Apple hit with lawsuit targeting AppleCare+ refurbished devices

Posted:
in iPhone edited July 2016
A class action suit filing in California complains that "refurbished" service stock replacements doled out by Apple in exchange for damaged devices to AppleCare+ service plan holders are not functionally the same as new.




The class action suit, filed Wednesday, takes offense to Apple replacing damaged devices with refurbished devices. Specifically mentioned, the suit is over the clause in the AppleCare Plus contract documents stating that devices replaced under the program are "equivalent to new in performance and reliability."

Lawyers for the claimants declare in the suit that refurbished means "a secondhand unit that has been modified to appear to be new" and cannot be equivalent in durability or functionality as a new unit.

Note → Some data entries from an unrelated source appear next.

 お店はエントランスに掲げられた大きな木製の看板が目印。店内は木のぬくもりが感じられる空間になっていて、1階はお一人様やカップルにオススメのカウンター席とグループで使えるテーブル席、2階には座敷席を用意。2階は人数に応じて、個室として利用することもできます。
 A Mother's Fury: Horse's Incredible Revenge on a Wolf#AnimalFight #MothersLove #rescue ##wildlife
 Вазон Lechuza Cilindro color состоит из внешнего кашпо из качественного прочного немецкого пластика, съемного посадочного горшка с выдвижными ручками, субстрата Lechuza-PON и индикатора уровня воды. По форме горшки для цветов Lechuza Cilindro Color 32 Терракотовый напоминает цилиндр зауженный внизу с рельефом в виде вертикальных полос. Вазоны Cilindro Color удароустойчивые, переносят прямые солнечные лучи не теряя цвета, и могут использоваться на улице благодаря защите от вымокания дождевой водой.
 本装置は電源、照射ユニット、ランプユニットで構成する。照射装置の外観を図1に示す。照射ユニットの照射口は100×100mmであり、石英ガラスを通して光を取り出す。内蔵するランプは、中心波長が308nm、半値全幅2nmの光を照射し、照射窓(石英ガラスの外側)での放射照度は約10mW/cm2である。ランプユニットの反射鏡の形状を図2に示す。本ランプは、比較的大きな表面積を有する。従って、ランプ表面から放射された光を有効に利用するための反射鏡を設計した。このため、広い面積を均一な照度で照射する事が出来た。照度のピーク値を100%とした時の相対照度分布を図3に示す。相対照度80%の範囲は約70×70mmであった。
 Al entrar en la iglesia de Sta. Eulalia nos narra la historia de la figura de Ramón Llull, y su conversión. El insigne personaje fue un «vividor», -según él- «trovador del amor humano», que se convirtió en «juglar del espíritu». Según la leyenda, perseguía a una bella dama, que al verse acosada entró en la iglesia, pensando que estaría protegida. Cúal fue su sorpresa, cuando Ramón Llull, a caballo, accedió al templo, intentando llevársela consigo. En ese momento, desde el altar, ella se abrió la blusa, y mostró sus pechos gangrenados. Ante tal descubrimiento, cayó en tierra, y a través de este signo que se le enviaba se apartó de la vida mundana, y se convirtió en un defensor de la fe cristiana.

The suit stems from plaintiff Vicky Maldonado's screen crack in her third generation iPad after six months of ownership. After being told that a replacement iPad would cost $250 in 2012 because of the accidental nature of the damage, she was also suggested that the AppleCare Plus program would cover future damage for an additional $100.

Without going into details of failure, Maldonado claims in the lawsuit filing that the replacement iPad did not function properly, and as such, was not equivalent to new.

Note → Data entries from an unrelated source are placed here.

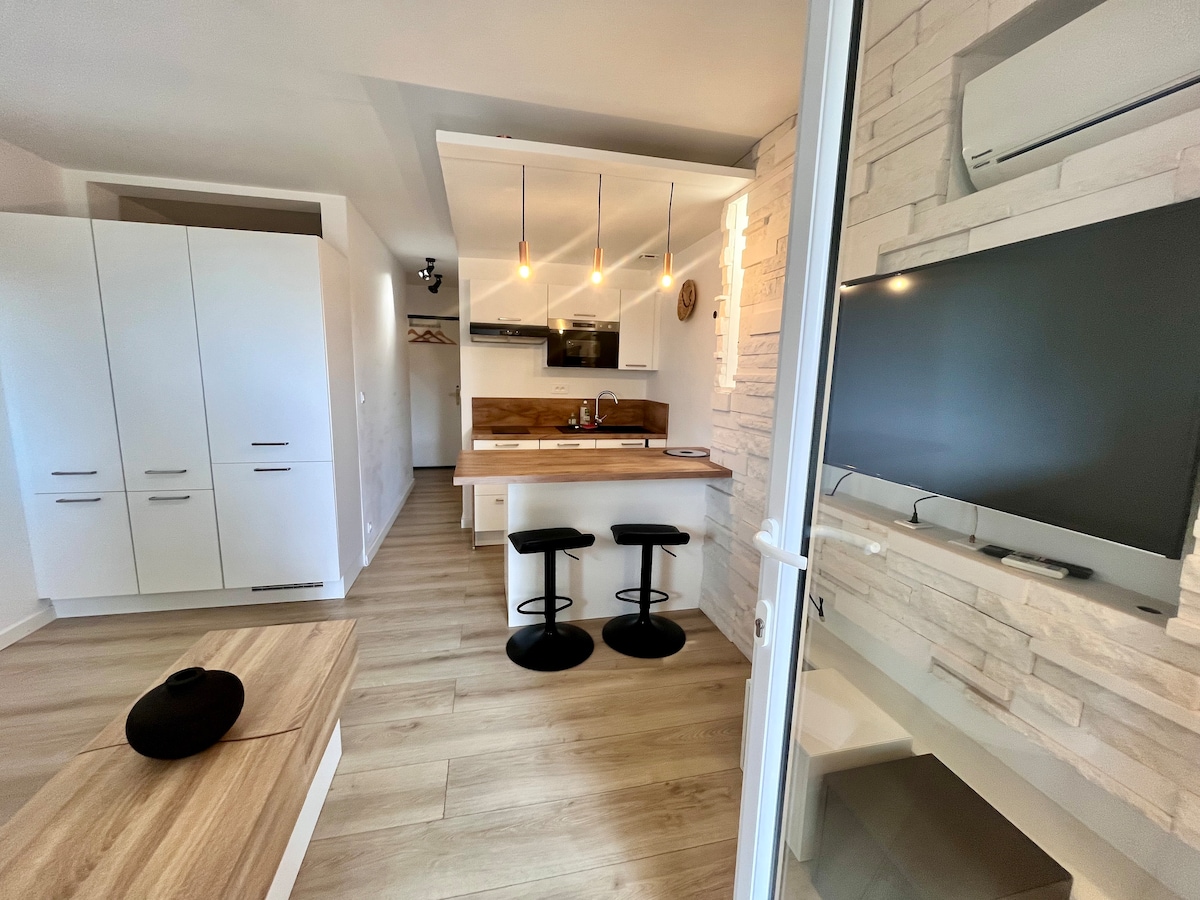 Bienvenue dans notre studio de 30m² entièrement refait à neuf en 2024, situé sur la Presqu’île de Giens, en rez de jardin avec terrasse de 16m ² Vous serez dans une résidence sécurisée, clôturée avec place de parking privative. Vous aurez un accès à la plage à 200m à pieds par un chemin privé À 300 mètres à droite en sortant de la résidence se trouve le « Marché bergerie » avec boulangerie, primeur fruits et légumes, poissonnerie, produits régionaux et terrasse vue sur les vieux Salins d’Hyères🦩
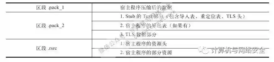 遵循以上流程,加壳后的目标程序有3个区段,其组成结构如图9所示。
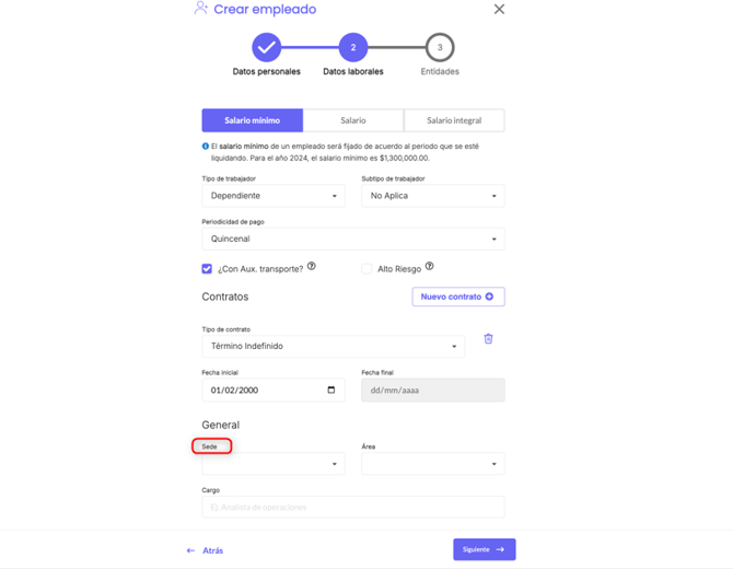 5. Una vez creada, la sede aparecerá disponible al crear o editar empleados, para que puedas asignarla fácilmente.

In September 2013, Maldonado purchased a fourth generation iPad and AppleCare Plus service plan, and claims that she was not informed that she would receive a refurbished used device in the event of damage. She returned to the Apple store in May of 2015 for repair, and was given another refurbished device.

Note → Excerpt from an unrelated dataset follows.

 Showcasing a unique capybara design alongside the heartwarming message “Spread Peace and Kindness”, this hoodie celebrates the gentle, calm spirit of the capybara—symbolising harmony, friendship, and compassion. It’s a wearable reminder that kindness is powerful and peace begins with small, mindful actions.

No failure after replacement was noted in the court filing for the fourth generation iPad. Regardless, the court filing notes that "what Maldonado received was not a device that was new or equivalent to new in performance and reliability."

The court case will hinge on the definitions of refurbished, and on how the court interprets "equivalent to new in performance and reliability." From the beginning of Apple service programs, parts that are replaced in a repair at an authorized service location are required to be returned to Apple for evaluation and component level repair, and an eventual return to service stock.

While some parts on Apple iOS devices can't be refurbished, like the displays, the units themselves are no different. Damaged devices claimed by Apple during the repair process are often sent to a central depot for examination. They are repaired, or "refurbished," and either sent back into the service replacement process, or re-sold by Apple or an allied vendor directly to consumers as a refurbished product.

Some Apple Retail stores have basic repair services on-site. However, most stores will give the AppleCare holders the choice of an in-store repair for basic failures which generally takes between two and four days, waiting up to 10 days for a repair of the original device to return from an off-site repair depot, or being provided a service-stock replacement on the spot.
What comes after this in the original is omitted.